What we've seen in work that was published in the New England Journal and presented elsewhere is that the very deep, rapid, and sustained levels in TTR reduction translate into what we've long expected to be a lower event rate. As we continue to monitor those patients, that also figures into our calculations. When you step back and look at the changes in toto, we expect that we will have an even more robust outcome than we expected before, not only for the overall, but for patients on stabilizer. We'll be able to have enrollment fall within the original guidance, which we're very excited about, and be in a position to march towards what we think will be three prospective launches by 2030.

All in all, we think we're increasing the overall likelihood of success for the program in a way that fits within the guidance that we've long put out.

Speaker 2

Thank you.

Speaker 6

The next question comes from Luca Issi with RBC. Please go ahead.

Speaker 5

Oh, great. Thanks so much for taking my question. Maybe, David, can you just talk about enrollment pace between your trial for ATTR cardiomyopathy versus the leaders? It looks that AstraZeneca started their PILLAR trial around the same time as your trial, and they have now enrolled 1,200 patients versus you're obviously guiding for 650 patients by the end of the year. Does that reflect a higher appetite for patients and physicians to choose the leader versus gene editing, or are there any other factors like differences in inclusion and exclusion criteria that we should keep in mind here? Maybe a bigger picture, has the availability of three commercial options in ATTR cardiomyopathy slowed down the pace of enrollment in any capacity? Thanks so much.

Speaker 6

David, do you want to take that? Yeah. What we've seen in the pace of our trial is, we think, pretty astounding. To get to more than 650 patients at the end of this year and 1,200 patients by the first quarter of 2027 is really unprecedented and very exciting. There are differences from the depletor study. They took basically all patients, including some very sick patients, patients on any type of therapy, including TTR reducers. It is a very different trial. When you look at our trial in a period in which flutasterine is coming out, acaraminase is coming out, our enrollment has actually increased during the period that the new drugs were available. What we see is a strong interest from both patients and physicians to get onto our trials, and we feel very good about that.

Speaker 5

So much.

Speaker 6

The next question comes from June Lee with Truist Cap Securities. Please go ahead.

Speaker 5

Hi, good morning. Thanks for taking the question. This is Mehdi on for June. Given almost binary response to Languezi, how would you maintain the study blindness? For the patients that still might show some breakthrough attack, would a half or full dose re-dosing be able to ensure complete responders? Thank you.

Speaker 6

David, do you want to speak to how we protect the blind? We're taking standard procedures, and there's nothing inherent about the design that should lead to unblinding. If you want to expand on that, David, be my guest.

Speaker 5

Yeah, our trial is very similar in design to other pivotal trials in this disease. Patients will get an infusion that is actually unknown to them what that infusion is. The physician doesn't know what the infusion is, so it really is a very well-blinded study. Of course, the patients may experience different things, whether they have a response to the drug they're receiving or not. That is not considered unblinding because they really don't know if they've received the drug or not. As you know, there is also a strong placebo effect that can take place in every trial. We are confident that the trial has a great deal of integrity in terms of blinding, and you know it's really in good shape moving forward.

Speaker 6

I would just add to that that one of the very valuable aspects of this particular trial is that we're actually measuring clinical events. There's not much subjectivity involved. Patients either have an attack or believe they're having an attack and act on that with on-demand therapy. We measure discrete outcomes, and that is why these studies are so effective at finding the effects of the drugs. It's true that based on our earlier data, patients respond very well who get the drug, and we're looking forward to hopefully replicating those results in our phase 3 study as that becomes available. The next question comes from Alec Stranahan with Bank of America. Please go ahead.
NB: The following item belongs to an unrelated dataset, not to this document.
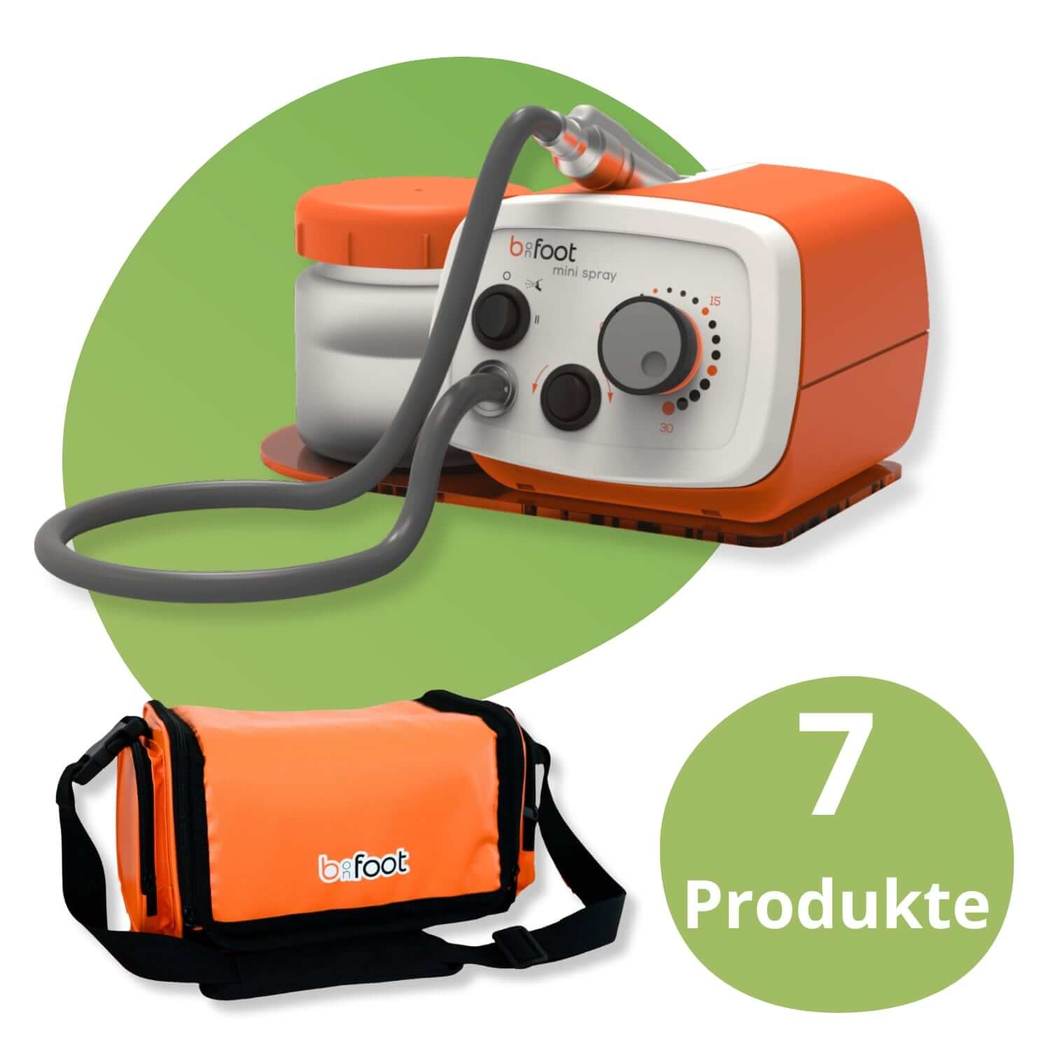 Das Herzstück des Sets ist unser Mini Spray: ein kompaktes, leistungsstarkes Fußpflegegerät, das eine beeindruckende Fräserdrehleistung mit integrierter Sprühfunktion in 3 Stufen kombiniert. Dank seiner besonders kleinen Bauweise ist es wie geschaffen für die mobile Fußpflege – ein echtes Alleinstellungsmerkmal.

Hey, guys, this is Matthew on for Alex. Appreciate you taking our question. Maybe double-clicking on the previous one. I guess, can you speak to whether changes to your enrollment expectations in magnitude or stabilizer % have changed your thoughts around the likelihood or timing of a potential interim readout?

I would say that as we've made the adjustments, we are increasing the overall power of the study, not only for the primary outcome, which is the addition of drug on top of standard of care, but presumably also for the TAP subgroup, which was a lot of the thinking that went into this. Our expectation is that at some point we will do an interim analysis, and we would expect that these changes would favorably affect the ability to find an effect at the point that we do that. The next question comes from Andy Chen with Wolfe Research. Please go ahead.

Hey, this is Brandon Owen for Andy. In regard to the expansion of magnitude, you mentioned increasing the likelihood of seeing that SIG. What were the specific data that you were trying to generate for you to show compelling information to payers and physicians? That's what we're curious on. Thank you.

Without getting into specific statistics, maybe David, you could just talk about the importance of showing profound clinical benefit in ways that are unambiguous. Feel free to enlarge on that.

Speaker 5

Yeah. What we're very interested in as the trial went forward is that DEFAMIDAS is becoming a standard of care around the world. We're seeing an increasing % of patients who are receiving DEFAMIDAS in our trial, and of course, we hear it in the commercial world as well. This seems like it will be a baseline going forward, and we thought it was very important to show a major benefit over that, a significant benefit and a clinically meaningful benefit. This has not been shown with any other drug, the ability to add to stabilizers, but looking at our phase 1 data, it looks that we do have that possibility. We have very strong data related, as John mentioned, we get deeper and more rapid reductions than other drugs, and that seems to translate based on our AHA data we showed last year into better clinical results.

We're very excited about what we're seeing, and we do think that our goal will be to show a benefit over DEFAMIDAS, and that's why we wanted to enlarge the trial and actually get to the endpoints more quickly because we have more patients. Of course, events will accumulate more rapidly by having more patients.

Speaker 6

I think it's important to add that all in at the end of the study, we want the data to be absolutely unambiguous across the spectrum of treatment of the disease, whether it's Nexi added to standard-of-care, whether it's Nexi alone, or Nexi in any way that may be used. This study has increased with the number of patients, gives us the power to demonstrate those outcomes, which will be very, very important to differentiate the product and have it be successful in the marketplace. The next question comes from Troy Langford with TD Cowen. Please go ahead.

Hi, congrats on all the progress in this quarter, and thanks for taking our question. With respect to the phase 1 ATTR cardiomyopathy update later this year, can you all just give us a little bit more color around what level of progression you all would normally expect to see on the various functional measures in patients, just given the patient population enrolled in that study and the amount of follow-up?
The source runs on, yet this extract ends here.